Solving problems concerning the effects of agriculture on the land.
Research at Lincoln University by Prof. Keith Cameron and associates.
Concerns over water quality (e.g. Lake Taupo is polluted from the land)
- Nitrates from dairy pasture.
Intro:
How would you get underground to measure the amount of nitrates that get washed
through the soil and enter waterways?
Responses: dig the ground, auger, drill holes, measure what is in soil, analyse water.
Underground lysimeter lab facility
The lysimeter involves collecting large drums of undisturbed soil (i.e. earthworms, root
structures etc. all included and intact) and installing back into the ground. The drum begins
as a large empty metal casing, and after collection and installation, the soil inside the
lysimeter is level with the ground, therefore this area will receive the same amount of
sunshine and rainfall as its surroundings. At the base of each lysimeter is a rubber tube
leading to a collection bag to capture drainage water.
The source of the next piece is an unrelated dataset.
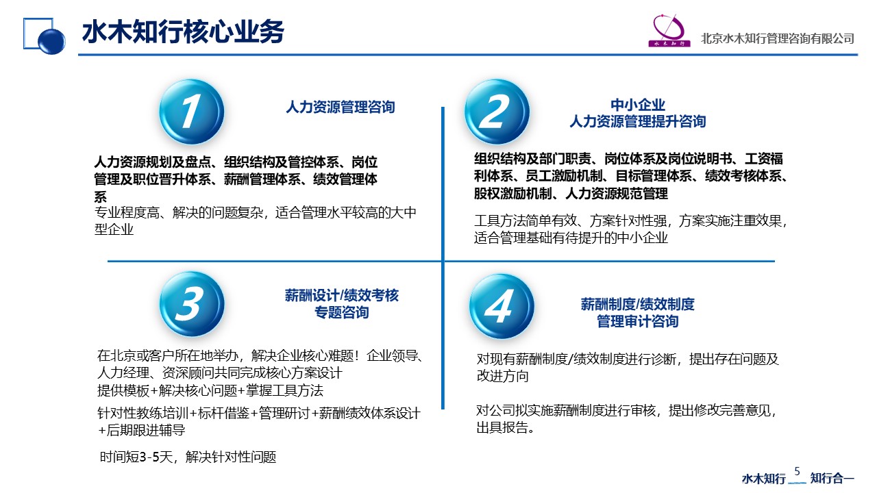 北京水木知行管理咨詢有限公司(www.bjsmzx_com.shanghaixiaojie.cn)專注提供人力資源管理咨詢、人力資源管理培訓、人力資源招聘咨詢、人力資源獵頭服務業務;咨詢業務范圍包括組織結構與管控體系、崗位管理體系、薪酬管理體系、績效管理體系,咨詢形式包括全過程咨詢、教練式咨詢和特訓班;培訓業務包括企業基礎管理...[詳情]

Urine is applied to the tops of the lysimeters and the liquid that percolates through is
collected below in the bags. This simulates the leaching that happens on a dairy farm. Gas
emitted from the applied urine can be measured from these lysimeters also.
The air is conditioned underground to match the outside soil temperature.
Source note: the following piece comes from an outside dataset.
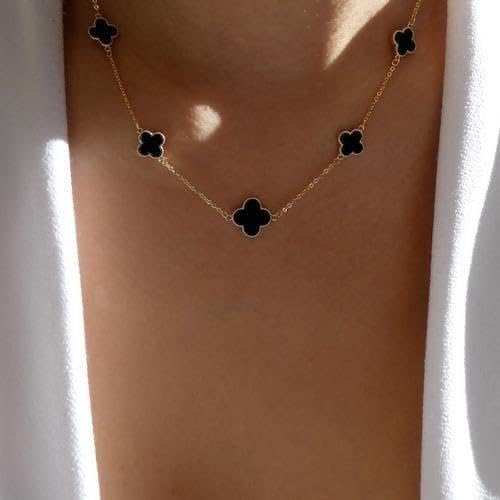 Adjustable Stainless Steel Multi Black Clover Pendant Korean Necklace
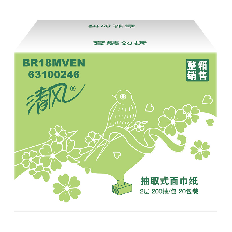 清风(APP)抽纸 柔韧2层200抽软抽*20包纸巾

The nitrate leaching comes mostly from the highly concentrated urine patches and not
directly from the fertiliser. Most of the nitrogen in the feed consumed by the animals is
excreted in the urine (creates “nitrogen hotspots”).
How can we solve this?
1. Feed cereals rather than pasture to the cows as these contain less nitrogen
(Un-economic)
2. Attach spray plates to rear of cows to distribute urine over bigger area
(Difficult to do and many would perceive this as being inhumane)
3. Collect all drainage water from grazed land to prevent contamination of underground
water
(Impossible!!)
- Therefore other more feasible and less costly technologies are required to solve this
problem.
The Nitrogen Cycle
The nitrogen is part of a cycle in the soil. The NH4+ (ammonium cation) sticks to the
negatively charged soil and provides a store of ammonium for the plants to use. Once it is
converted into nitrate (NO3-) it is repelled by the soil and is leached out (washed out).
Various groups of bacteria in the soil convert ammonium into nitrate (process known as
nitrification) and the rate of activity of these bacteria can be slowed down by inhibitors,
especially in the winter when the plants are not growing and do not need so much nitrogen.
Furthermore, drainage mainly occurs during the winter, and is responsible for nitrate
leaching (water acts as a transportation vessel in soil).
- Nitrate content can be measured in the urine and in the drainage water collected below
the lysimeter.
Trials have been ongoing for approx. 10 years and the reduction in nitrates after using the
inhibitor Eco-n is 50-70%. The inhibitor must be applied in both autumn and spring as the
active ingredient is biodegradable by soil microbes within 3 months. This inhibitor is non
toxic, in fact it is 3 x safer than salt on our food.
In NZ greenhouse emissions come mainly from cows. There are only 4 million people and
half the greenhouse gases come from agriculture and the other half from carbon dioxide.
Greenhouse gas emissions are causing climate change. In other countries heavy industry,
power and steel production release most CO2 which is their main greenhouse gas.
In NZ 1/3 of gas emissions produced through agriculture is nitrous oxide (N20) and 2/3
methane (CH4 - belched from cows).
The N20 is released from the soil and is captured using a chamber over the lysimeter. The gas
is collected and the content is analysed.
N2O is a by-product of nitrification, and can also be derived from nitrate, therefore by
slowing down nitrification, N2O emission is also reduced (studies have shown a reduction in
N2O emission of approx. 70%+ when Eco-n is used)
Currently there are no financial incentives to dairy farmers to use this inhibitor to reduce
nitrate run off. Overseas taxes are paying for emissions and so reducing emissions will result
in reduced taxes. Government talks about carbon credits for farmers are still in progress
here.
Because Eco-n conserves soil nitrogen and prevents it from being leached or emitted, the
pasture also grows better (approx. 20% better) because more nitrogen is available in
ammonium form for plants to use. Less nitrogen fertiliser is then needed for pasture growth
because Eco-n prevents nitrogen from urine and fertiliser being wasted (leached or emitted).
In summary - More nitrogen will remain in soil/ less nitrogen leached in drainage water/
less emitted as a gas/ more pasture growth for farmers.
Economics:
Ravensdown fertiliser is producing Eco-n. It is 10-12cents per kg of extra dry matter grown. A
valuable proposition for farmers as grass is grown more cheaply. Cost comparisons can be
made: Grain is more expensive than silage so more grass is grown for less cost to farmers.
Farmers are starting to see the benefits - 25% of dairy farmers are using this technology in
Canterbury and less than 5% nationwide. Time is needed to properly educate farmers about
this technology as it is not simply a fertiliser like farmers are currently using.